Fit a full multiple linear regression model and identify predictors significant at α = 0.01, ranked by |t-statistic|.

In [1]:
# 1) Load data
v <- read.csv("regression_train.csv", stringsAsFactors = TRUE)

# 2) Fit full model
model <- lm(happiness ~ ., data = v)

# 3) Get summary and coefficient table
s <- summary(model)
coef_tab <- as.data.frame(s$coefficients)

coef_tab <- coef_tab[rownames(coef_tab) != "(Intercept)", ]
colnames(coef_tab) <- c("Estimate", "Std.Error", "t.value", "p.value")

cat("\n Significant Predictors (p < 0.01) \n")
sig_pred <- coef_tab[coef_tab$p.value < 0.01, ]

if (nrow(sig_pred) == 0) {
  cat("No predictors are significant at p < 0.01\n")
} else {
  # order by p-value ascending
  sig_pred <- sig_pred[order(sig_pred$p.value), ]
  print(sig_pred)
}

# 4) Top 5 strongest predictors 
coef_tab$abs_t <- abs(coef_tab$t.value)
# how many predictors do we actually have?
k <- min(5, nrow(coef_tab))
top_5 <- coef_tab[order(-coef_tab$abs_t), ][1:k, c("Estimate", "t.value", "p.value")]

cat("\n Top", k, "Strongest Predictors (by |t|) \n")
print(top_5)



 Significant Predictors (p < 0.01) 
                                                      Estimate Std.Error
income80k - 120k                                     37.315988 1.6548496
income50k - 80k                                      28.546980 1.7382901
income200k above                                     20.109900 1.3788320
income20k - 50k                                      20.839607 1.5825100
income15k - 20k                                      15.447908 1.2809264
income150k - 200k                                    11.718396 1.2434310
income120k - 150k                                    11.373025 1.2340393
income10k - 15k                                       6.268117 1.2386952
whatIsYourHeightExpressItAsANumberInMetresM180 - 185  7.286107 2.3791630
alwaysStressed                                       -1.064389 0.3726381
whatIsYourHeightExpressItAsANumberInMetresM175 - 180  6.104323 2.2061513
                                                       t.value      p.value
income80k -

## 2. RMSE Evaluation Function

Implement a reusable function to compute RMSE between predictions and ground truth, and evaluate the full model on training data.

In [2]:
# 1) Load data and fit model
v <- read.csv("regression_train.csv", stringsAsFactors = TRUE)
model <- lm(happiness ~ ., data = v)

# 2) Function to predict and compute RMSE (only if 'happiness' exists)
predict_and_rmse <- function(model, data) {
  preds <- predict(model, newdata = data)
  
  if (!("happiness" %in% names(data))) {
    # no actual target, just return predictions
    return(list(predictions = preds, rmse = NA))
  }
  
  actual <- data$happiness
  rmse <- sqrt(mean((actual - preds)^2))
  return(list(predictions = preds, rmse = rmse))
}

# 3) Evaluate on training set
res <- predict_and_rmse(model, v)

cat(" Model Performance on Training Data \n")
cat("RMSE:", res$rmse, "\n")
cat("R-squared:", summary(model)$r.squared, "\n")
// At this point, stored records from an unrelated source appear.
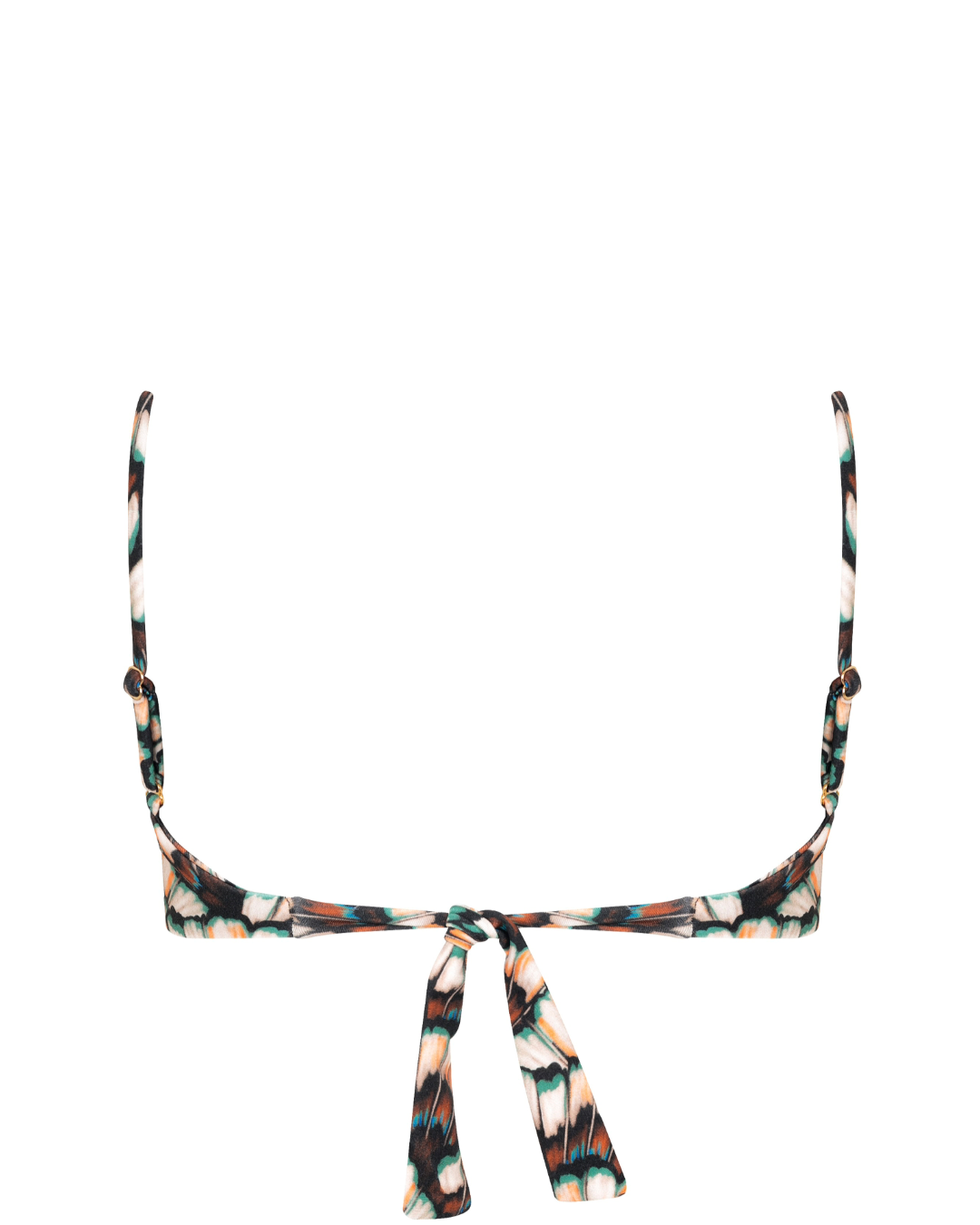 O nosso sutiã aro V ainda tem amarração nas costas e laterais mais largas que ajudam a aproximar os seios e criam um efeito lindo no decote. Esse é o único biquíni com aro e bojo da Cali for Sun.
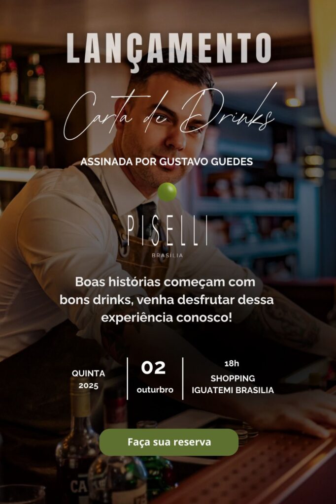 Piselli Brasília promove, na quinta-feira, 2 de outubro, uma noite dedicada à coquetelaria: o lançamento da nova carta de drinks, criada pelo premiado mixologista Gustavo Guedes. Para marcar a estreia, a casa preparou uma recepção exclusiva, com piano ao vivo e harmonizações que unem os coquetéis autorais à gastronomia italiana que consagrou o restaurante.
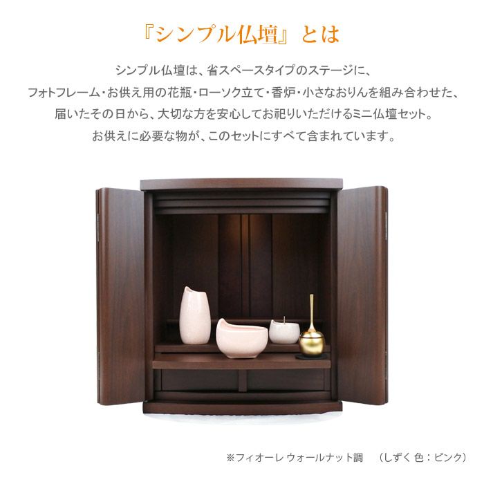 シンプル仏壇は、省スペースタイプの仏壇に、フォトフレーム・小さなおりん、色が選べるお供え用の花立(花瓶)・灯立(ローソク立て)・香炉を組み合わせた、届いたその日から、大切な方を安心してお祀りいただけるミニ仏壇セット。

 Model Performance on Training Data 
RMSE: 6.672557 
R-squared: 0.7685182 


## 3. Stepwise Regression with BIC

Perform bidirectional stepwise regression using BIC to reduce model complexity, and compare with the full model.

**Note:** R² on the training set is not always the best metric — BIC penalises complexity to favour models that generalise better.

In [3]:
# 1) Load data and fit full model
v <- read.csv("regression_train.csv", stringsAsFactors = TRUE)
model_full <- lm(happiness ~ ., data = v)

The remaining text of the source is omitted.